-- Records for the task follows --

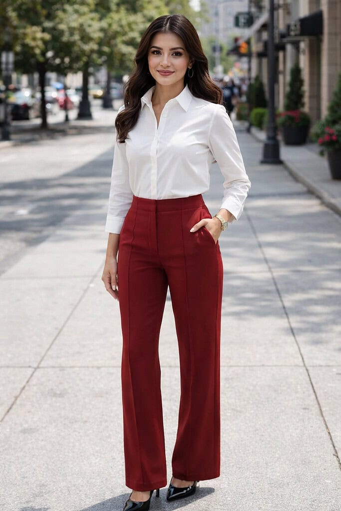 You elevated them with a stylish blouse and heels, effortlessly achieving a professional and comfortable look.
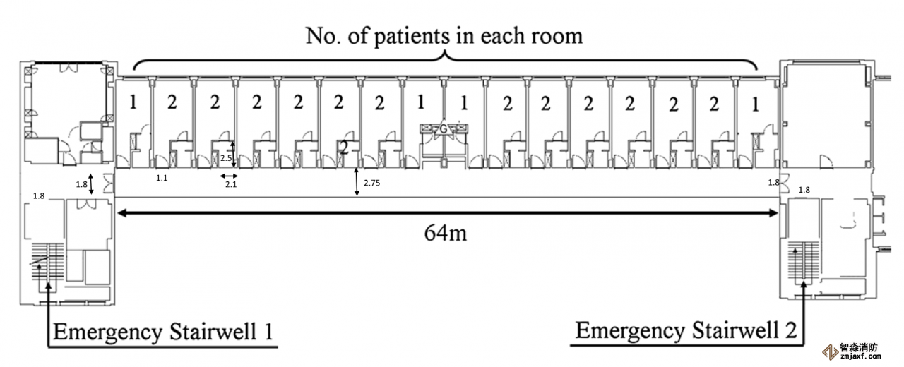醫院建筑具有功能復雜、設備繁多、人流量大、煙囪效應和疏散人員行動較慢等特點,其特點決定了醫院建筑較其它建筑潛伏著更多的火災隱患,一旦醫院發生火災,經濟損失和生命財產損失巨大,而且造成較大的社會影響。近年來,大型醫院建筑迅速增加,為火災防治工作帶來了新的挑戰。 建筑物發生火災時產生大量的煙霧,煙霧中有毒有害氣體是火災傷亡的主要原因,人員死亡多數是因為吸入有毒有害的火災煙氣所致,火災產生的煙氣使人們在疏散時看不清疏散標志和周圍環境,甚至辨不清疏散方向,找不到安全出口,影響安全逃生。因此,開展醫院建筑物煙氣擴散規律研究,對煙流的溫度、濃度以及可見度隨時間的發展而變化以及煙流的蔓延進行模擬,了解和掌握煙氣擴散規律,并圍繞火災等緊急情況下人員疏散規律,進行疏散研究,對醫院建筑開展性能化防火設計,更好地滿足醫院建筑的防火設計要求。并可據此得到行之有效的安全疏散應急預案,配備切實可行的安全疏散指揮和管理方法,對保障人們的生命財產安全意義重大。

-- Records for the task concluded --
-- Records for the task follows --

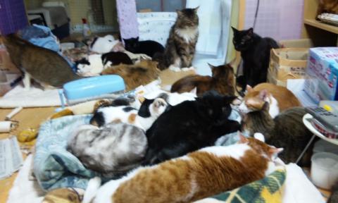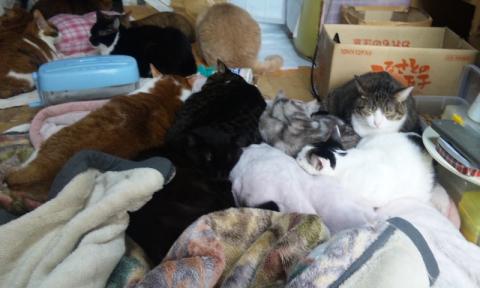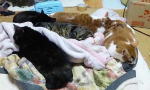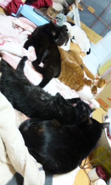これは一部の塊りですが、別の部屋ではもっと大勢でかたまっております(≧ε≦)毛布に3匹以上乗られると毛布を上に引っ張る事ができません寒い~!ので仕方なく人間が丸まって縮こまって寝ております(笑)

-- Records for the task concluded --
-- Records for the task follows --

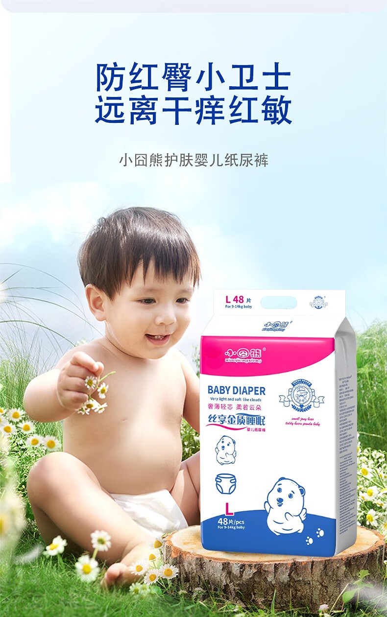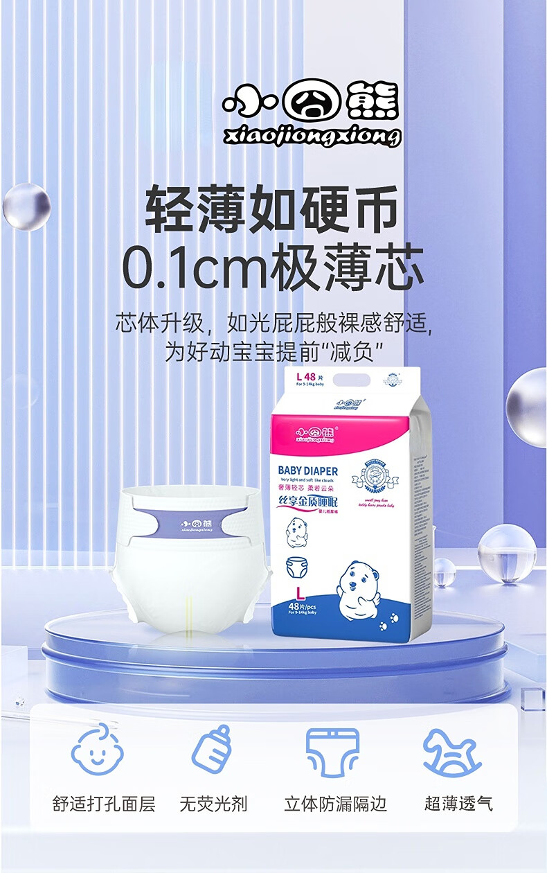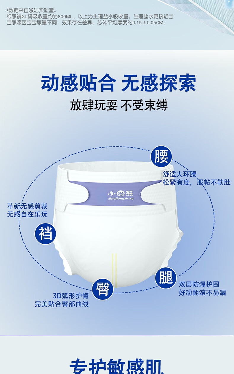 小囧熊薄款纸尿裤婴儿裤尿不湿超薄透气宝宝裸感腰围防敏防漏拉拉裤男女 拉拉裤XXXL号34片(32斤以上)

-- Records for the task concluded --

Above are the records. Copy word for word only their lines from the one holding "You elevated them" through the one holding "醫院建筑具有功能復雜、設備繁", both included, and skip the images.

> **Exercise solution**
 You elevated them with a stylish blouse and heels, effortlessly achieving a professional and comfortable look.
醫院建筑具有功能復雜、設備繁多、人流量大、煙囪效應和疏散人員行動較慢等特點,其特點決定了醫院建筑較其它建筑潛伏著更多的火災隱患,一旦醫院發生火災,經濟損失和生命財產損失巨大,而且造成較大的社會影響。近年來,大型醫院建筑迅速增加,為火災防治工作帶來了新的挑戰。 建筑物發生火災時產生大量的煙霧,煙霧中有毒有害氣體是火災傷亡的主要原因,人員死亡多數是因為吸入有毒有害的火災煙氣所致,火災產生的煙氣使人們在疏散時看不清疏散標志和周圍環境,甚至辨不清疏散方向,找不到安全出口,影響安全逃生。因此,開展醫院建筑物煙氣擴散規律研究,對煙流的溫度、濃度以及可見度隨時間的發展而變化以及煙流的蔓延進行模擬,了解和掌握煙氣擴散規律,并圍繞火災等緊急情況下人員疏散規律,進行疏散研究,對醫院建筑開展性能化防火設計,更好地滿足醫院建筑的防火設計要求。并可據此得到行之有效的安全疏散應急預案,配備切實可行的安全疏散指揮和管理方法,對保障人們的生命財產安全意義重大。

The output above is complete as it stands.